Work to be completed - Reproduce every entry below exactly, minus the pictures.

Start of Stored data

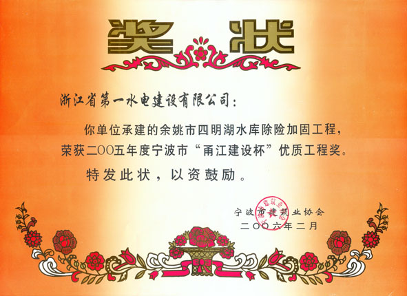 寧波市“甬江建設(shè)杯”優(yōu)質(zhì)工程獎(jiǎng)——余姚市四明湖水庫(kù)除險(xiǎn)加固工程(2005)
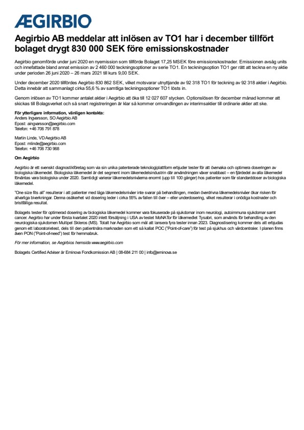 Under december 2020 tillfördes Aegirbio 830 862 SEK, vilket motsvarar utnyttjande av 92 318 TO1 för teckning av 92 318 aktier i Aegirbio. Detta innebär att sammanlagt cirka 55,6 % av samtliga teckningsoptioner TO1 lösts in.
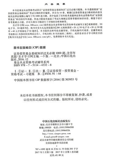 证券投资基金基础知识过关必做1000题(第3版)/2017年基金从业资格考试辅导系列
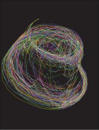 | Continuous monitoring of a quantum system can direct the quantum state along a random path. This three-dimensional map shows how scientists tracked the transition between two qubit states many times to determine the optimal path.
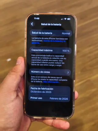 iPhone 17 Pro Max en excelente estado. - Salud de la batería: Normal - Capacidad máxima: 100% - Número de ciclos: 7 - Fecha de fabricación: Diciembre de 2025 - Primer uso: Febrero de 2026

End of Stored data

Your response -
 寧波市“甬江建設(shè)杯”優(yōu)質(zhì)工程獎(jiǎng)——余姚市四明湖水庫(kù)除險(xiǎn)加固工程(2005)
 Under december 2020 tillfördes Aegirbio 830 862 SEK, vilket motsvarar utnyttjande av 92 318 TO1 för teckning av 92 318 aktier i Aegirbio. Detta innebär att sammanlagt cirka 55,6 % av samtliga teckningsoptioner TO1 lösts in.
 证券投资基金基础知识过关必做1000题(第3版)/2017年基金从业资格考试辅导系列
 | Continuous monitoring of a quantum system can direct the quantum state along a random path. This three-dimensional map shows how scientists tracked the transition between two qubit states many times to determine the optimal path.
 iPhone 17 Pro Max en excelente estado. - Salud de la batería: Normal - Capacidad máxima: 100% - Número de ciclos: 7 - Fecha de fabricación: Diciembre de 2025 - Primer uso: Febrero de 2026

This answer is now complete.